Reproduce the listing below as it stands. Leave out each image.

** GIVEN MATERIAL **
......

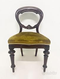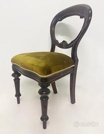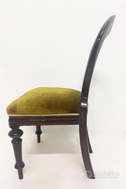 Sedia inglese con struttura in mogano scuro e rivestimento in velluto verde. Disponibili 7 sedie Dimensioni: L50x x P44 x H90 cm Richiesta: ?90,00 CADAUNA
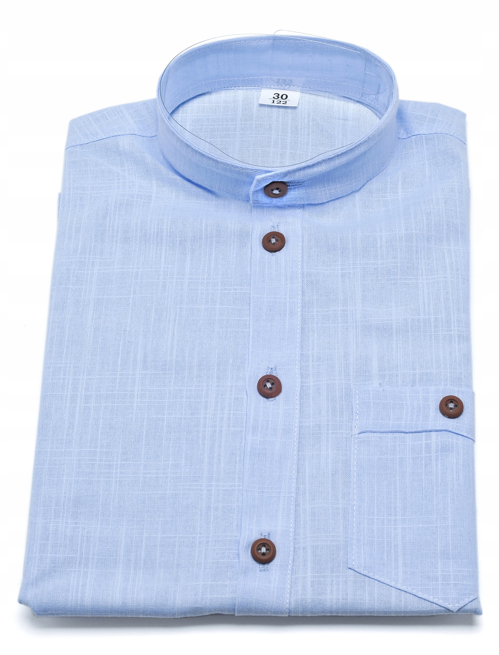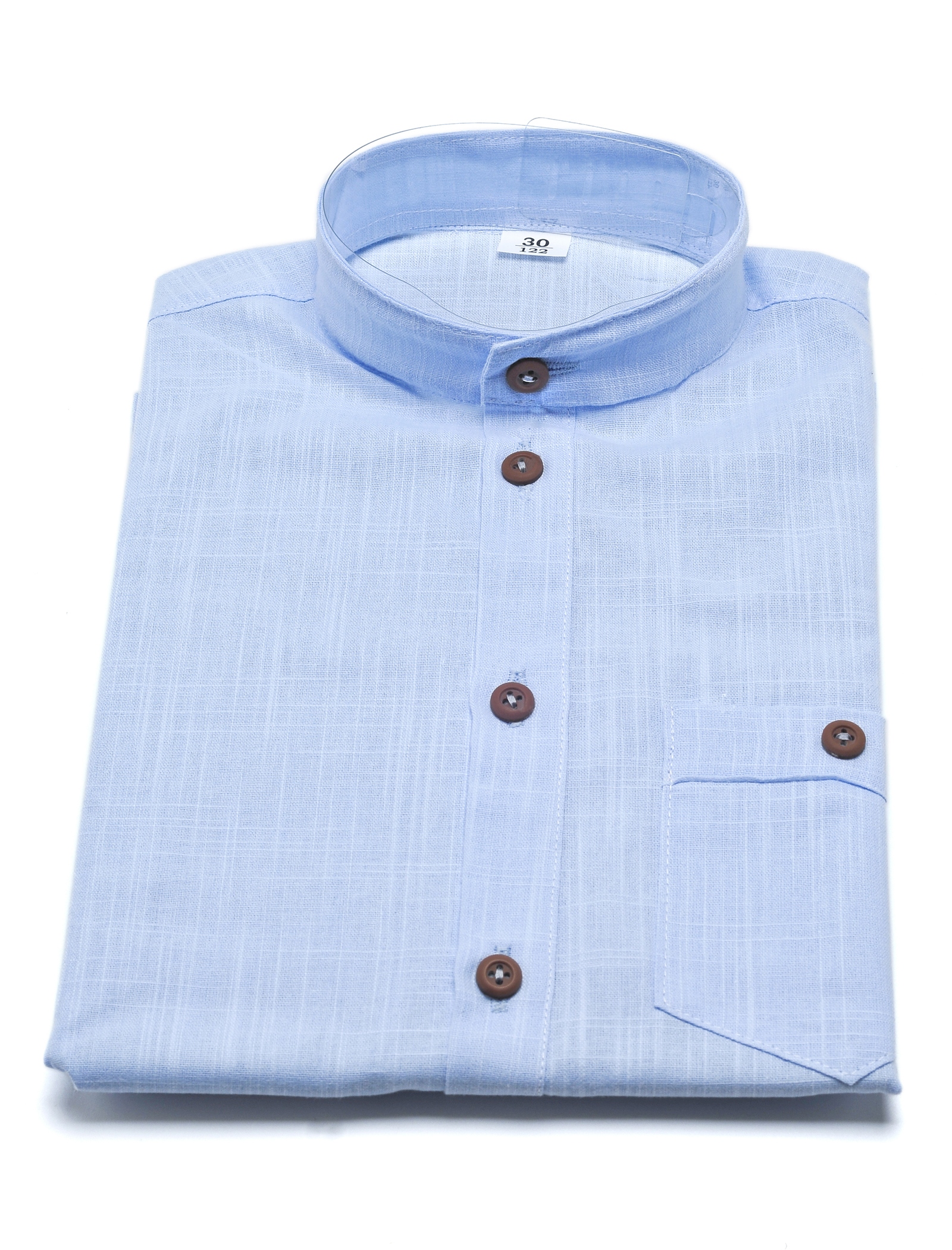 ЛЛЯНА СОРОЧКА ДЛЯ ХЛОПЧИКІВ З КОМІРОМ-СТІЙКОЮ ТА ДОВГИМИ РУКАВАМИ СИНЯ 152
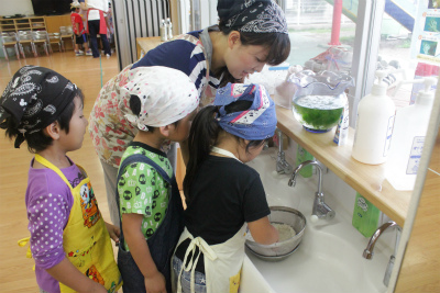 今日は、子ども達がとっても楽しみにしていた カレーパティーでした\(^o^)/ 朝から子ども達はウキウキ❤ エプロン、三角巾をつけたら準備完了です(^^♪ ライオン組はお米を研ぐところから始めました★ 上手…

......

** SOLUTION BELOW **
 Sedia inglese con struttura in mogano scuro e rivestimento in velluto verde. Disponibili 7 sedie Dimensioni: L50x x P44 x H90 cm Richiesta: ?90,00 CADAUNA
 ЛЛЯНА СОРОЧКА ДЛЯ ХЛОПЧИКІВ З КОМІРОМ-СТІЙКОЮ ТА ДОВГИМИ РУКАВАМИ СИНЯ 152
 今日は、子ども達がとっても楽しみにしていた カレーパティーでした\(^o^)/ 朝から子ども達はウキウキ❤ エプロン、三角巾をつけたら準備完了です(^^♪ ライオン組はお米を研ぐところから始めました★ 上手…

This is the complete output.